The government's argument is that as short-term lets will become subject to the planning process, local authorities will have greater power to control them. The levelling-up secretary has stated that he believes these new measures will tackle the problem of local people being "denied to rent or buy in their own community" and  protect those residents from having to move out of their communities.

Mixed reception

Amanda Cupples, general manager for Northern Europe at Airbnb, regards the measures as "good news" and has commented that families who host on Airbnb will "benefit from clear rules that support their activity, and local authorities will get access to the information they need to assess and manage housing impacts and keep communities healthy, where necessary. We have long led calls for the introduction of a Host register and we look forward to working together to make it a success."

However, Generation Rent issued a statement that is less supportive of the proposed changes. It identified that over 35,000 homes have become holiday homes or short-term lets since 2019, which raised "significant doubt" as to whether the proposed changes would be enforceable, and suggested that not enough is being done to reverse recent trends around short-lets.

The fact that the proposals will allow existing short-term lets to be automatically reclassified and have permission to continue, was described as "shutting the stable door once the horse has bolted". Generation Rent has urged the government to go further than the proposed changes and give local authorities the powers they need.

Osborne Clarke comment

The introduction of the permitted development rights from C3 to C5 and vice versa will arguably liberalise the process in the absence of an article 4 direction that removes these rights. The National Planning Policy Framework states that article 4 directions should only be used in limited circumstances and, in all cases, "apply to the smallest geographical area possible". It will fall to local authorities to establish the perceived issue with short-terms lets in their area in order to justify the removal of the new permitted development rights.
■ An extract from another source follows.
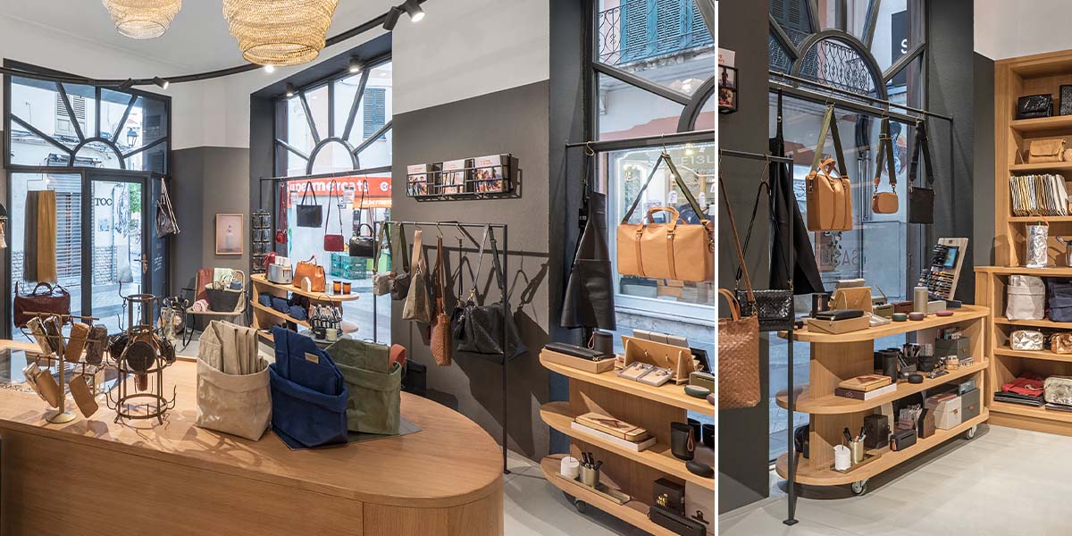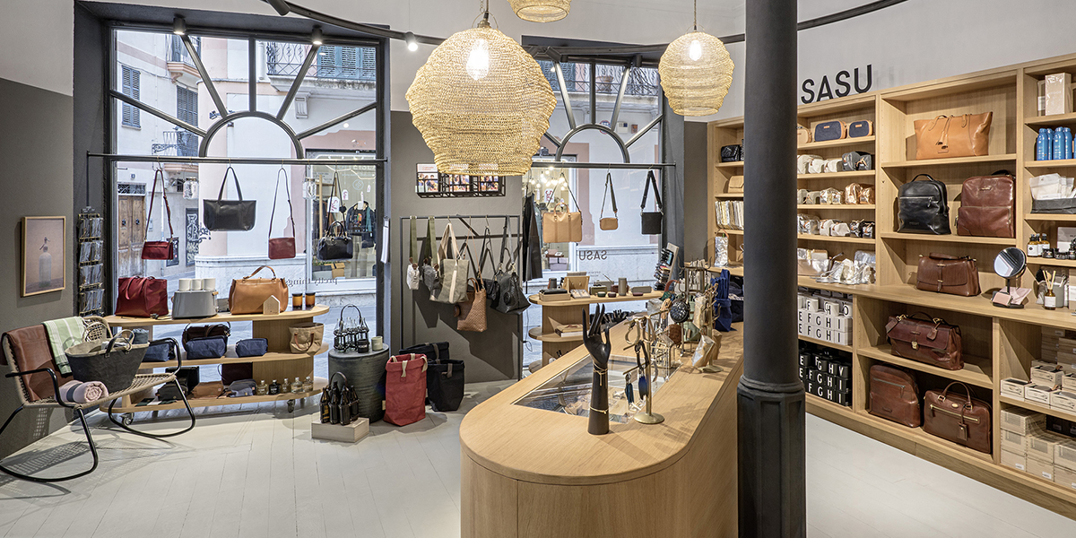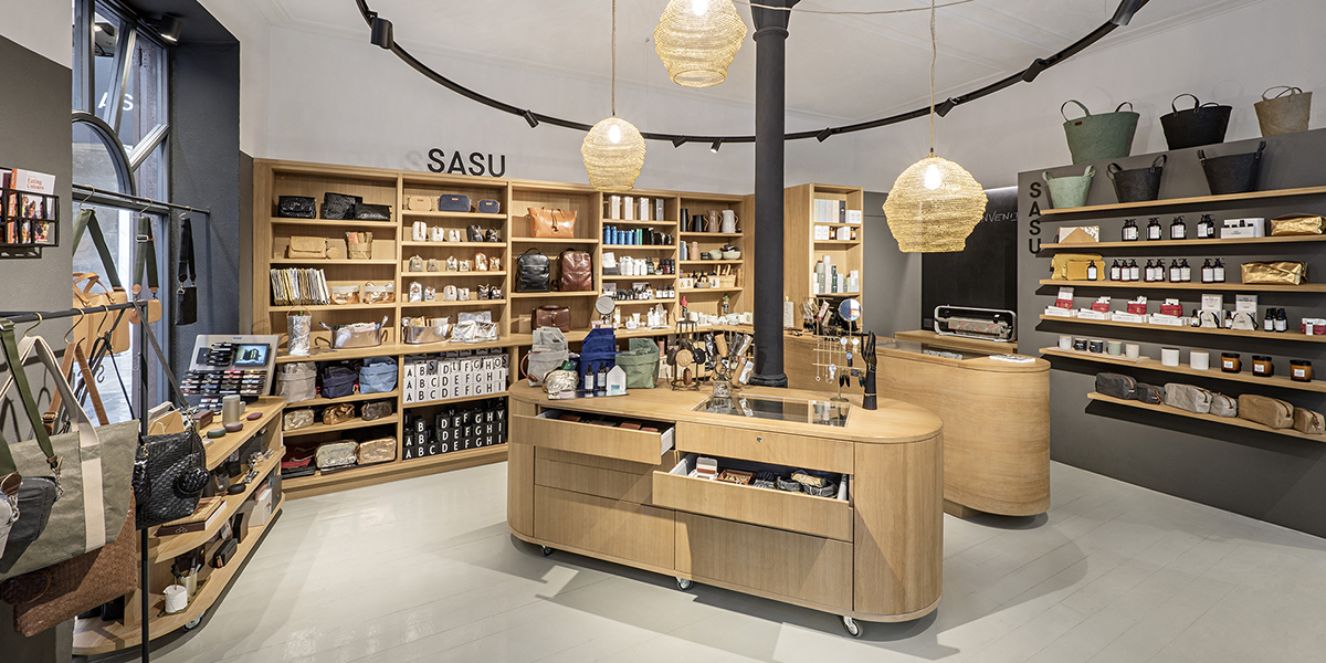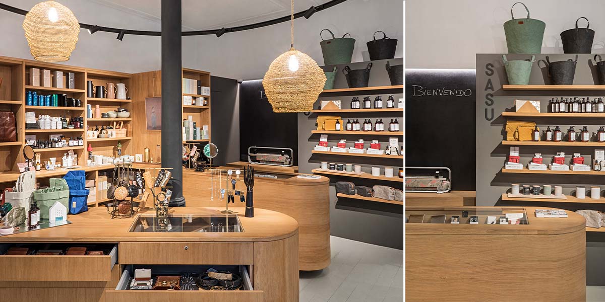 SASU Palma is a corner store on the ground floor of a 5 story, 100-year-old building along Plaça Major, a historic public square and craft market. Similar to the Vienna project, anySCALE needed to work around inherited structures, in this case, an original steel column near the middle of a trapezoid-shaped layout. Instead of seeing this as a limitation, the designers used it to define the center of the space with a circular spotlighting system and decorative pendant lights. To accommodate SASU’s diverse products, anySCALE played with the type and density of custom-built, wood displays. Boxy shelves of different heights are built into the thickest backwall, while slender floating shelves are used on the thinner partition wall that hides the basement staircase. Rolling, free-standing displays can be positioned in the windows and around the column in the center, allowing for customer flow and flexibility.

Moreover, the fact that existing short-term lets will not be required to obtain planning permission for the new C5 use class may lead to an increase in short-term lets in some areas, with an associated reduction in what otherwise would have been standard C3 residential dwellings. An increase can be expected in the number of operators of existing short-terms applying for "certificates of lawfulness" establishing the use following the introduction of the new rules.

While the changes may be perceived to go some way towards achieving the government's aim, it is clear that further detail is required to determine the true impact on communities and extent of additional measures that may be needed.


* This article is current as of the date of its publication and does not necessarily reflect the present state of the law or relevant regulation.